Calculates cumulative and abnormal returns for the sid & benchmark
Parameters
----------
prices : pd.DataFrame
Pricing history DataFrame obtained from `get_pricing`. Index should
be the datetime index and sids should be columns.
sid : int or zipline.assets._assets.Equity object
Security that returns are being calculated for.
date : datetime object
Date that will be used as t=0 for cumulative return calcuations. All
returns will be calculated around this date.
days_before, days_after : int
Days before/after to be used to calculate returns for.
benchmark : int or zipline.assets._assets.Equity object
Returns
-------
sid_returns : pd.Series
Cumulative returns time series from days_before ~ days_after from date
for sid
benchmark_returns : pd.Series
Cumulative returns time series for benchmark sid
abnormal_returns : pd.Series
Abnomral cumulative returns time series for sid compared against benchmark
"""
day_zero_index = prices.index.searchsorted(date)
starting_index = max(day_zero_index - days_before, 0)
ending_index = min(day_zero_index + days_after + 1, len(prices.index) - 1)
if starting_index < 0 or ending_index >= len(prices.index):
return None
if sid == benchmark_sid:
temp_price = prices.iloc[starting_index:ending_index,:].loc[:,[sid]]
else:
temp_price = prices.iloc[starting_index:ending_index,:].loc[:,[sid, benchmark_sid]]
beta = calc_beta(sid, benchmark_sid, temp_price)
if beta is None:
return
daily_ret = temp_price.pct_change().fillna(0)
daily_ret['abnormal_returns'] = daily_ret[sid] - beta*daily_ret[benchmark_sid]
cum_returns = (daily_ret + 1).cumprod() - 1
try:
# If there's not enough data for event study,
# return None
cum_returns.index = range(starting_index - day_zero_index,
ending_index - day_zero_index)
except:
return None
sid_returns = cum_returns[sid] - cum_returns[sid].iloc[0]
bench_returns = cum_returns[benchmark_sid] - cum_returns[benchmark_sid].iloc[0]

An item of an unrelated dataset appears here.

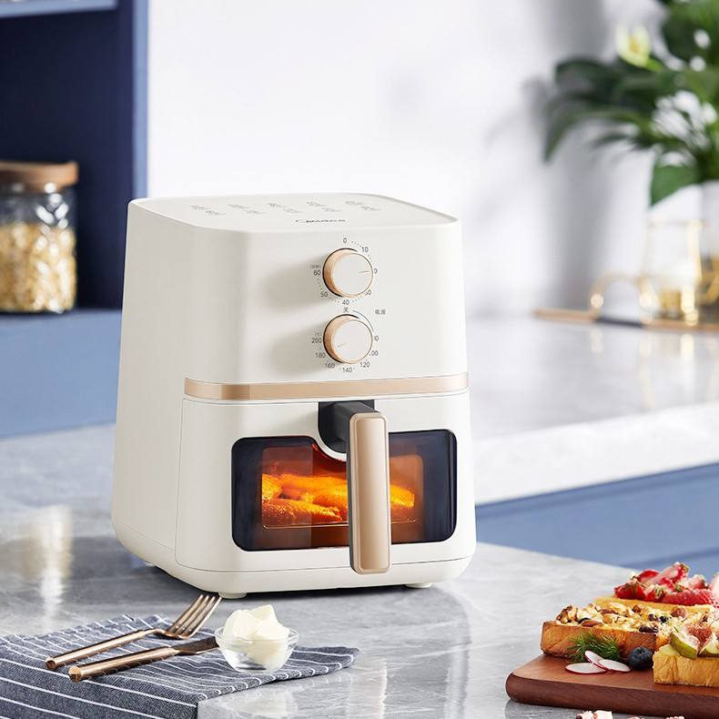 Friteuse à air Midea 4L carrée électrique avec affichage visuel et revêtement céramique blanc

abnormal_returns = cum_returns['abnormal_returns'] - cum_returns['abnormal_returns'].iloc[0]
return sid_returns, bench_returns, abnormal_returns
Many thanks,
Am I right, that you output looks like this?

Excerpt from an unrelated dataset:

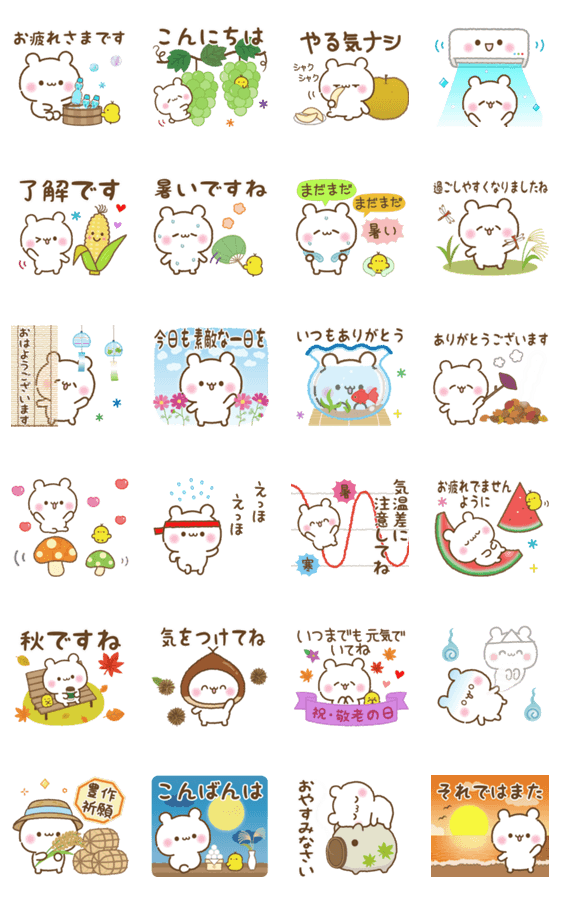 ふんわりタッチのくまさんの夏から秋にかけて使える言葉です。

array = [pd.Series([1, 2, 3, 4, 5], index = [-3, -2, -1, 0, 1], name='first'),
pd.Series([11, 22, 33, 44, 55, 66], index = [-4, -3, -2, -1, 0, 1], name='second'),
pd.Series([111, 222, 333, 444, 555, 666, 777], index = [-4, -3, -2, -1, 0, 1, 2], name='last')]
Out:
[-3 1
-2 2
-1 3
0 4
1 5
Name: first, dtype: int64, -4 11
-3 22
-2 33
-1 44
0 55
1 66
Name: second, dtype: int64, -4 111
-3 222
-2 333
-1 444
0 555
1 666
2 777
Name: last, dtype: int64]
If I'm right, you can use pd.concat to concatenate series.

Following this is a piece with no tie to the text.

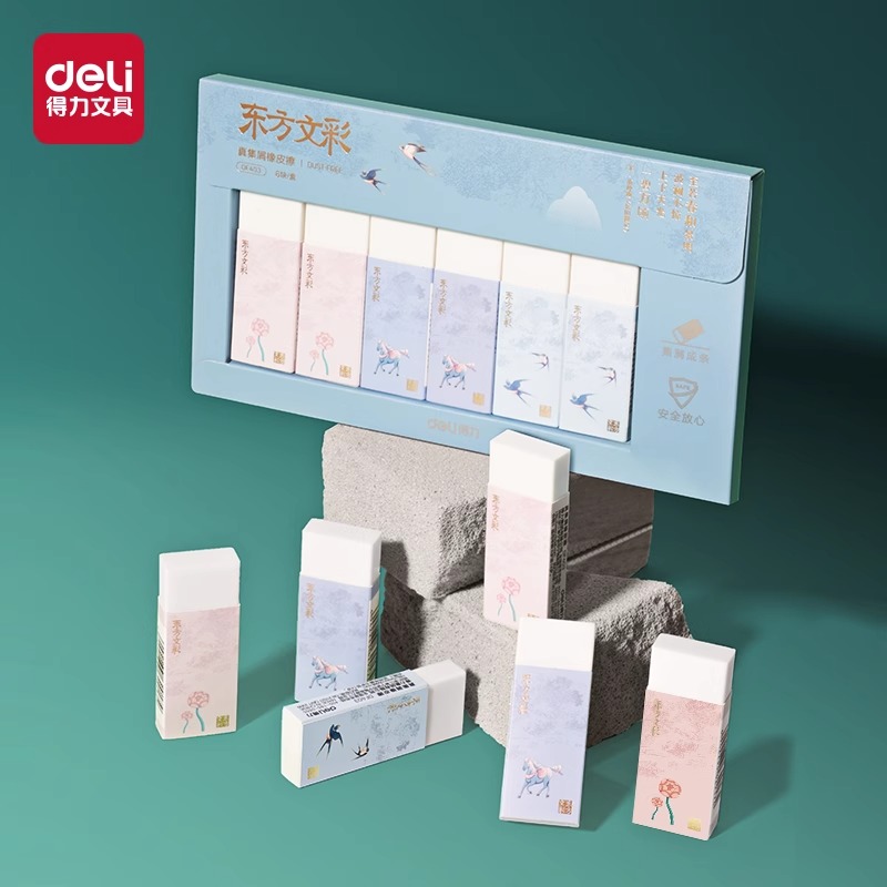 得力东方文彩橡皮擦小学生专用无屑超干净无毒铅笔2b橡皮檫可爱高颜值素描拉丝不留痕象皮美术生像皮檫

df = pd.concat(array, axis=1)
Out:
first second last
-4 NaN 11.0 111
-3 1.0 22.0 222
-2 2.0 33.0 333
-1 3.0 44.0 444
0 4.0 55.0 555
1 5.0 66.0 666
2 NaN NaN 777
After that you can fill NaN values if you want with df.fillna(value)
, where value should be a number. If you want, you can get a matrix:
pd.concat(array, axis=1).fillna(0).as_matrix()
Out:
array([[ 0., 11., 111.],
[ 1., 22., 222.],
[ 2., 33., 333.],
[ 3., 44., 444.],
[ 4., 55., 555.],
[ 5., 66., 666.],
[ 0., 0., 777.]])
I hope it helps.
UPD:
Maybe for you task will be better have a table like (day, value, id).
array = [pd.DataFrame(data=series.rename('value')).assign(ID = i) for i, series in enumerate(array)]
Out:
[ value ID
-3 1 0
-2 2 0
-1 3 0
0 4 0
1 5 0, value ID
-4 11 1
-3 22 1
-2 33 1
-1 44 1
0 55 1
1 66 1, value ID
-4 111 2
-3 222 2
-2 333 2
-1 444 2
0 555 2
1 666 2
2 777 2]
table = pd.concat(array, axis=0).reset_index().rename(columns={'index': 'day'})
Out:
day value ID
0 -3 1 0
1 -2 2 0
2 -1 3 0
3 0 4 0
4 1 5 0
5 -4 11 1
6 -3 22 1
7 -2 33 1
8 -1 44 1
9 0 55 1
10 1 66 1
11 -4 111 2
12 -3 222 2
13 -2 333 2
14 -1 444 2
15 0 555 2
16 1 666 2
17 2 777 2
After that you can group by day or ID and do what you want.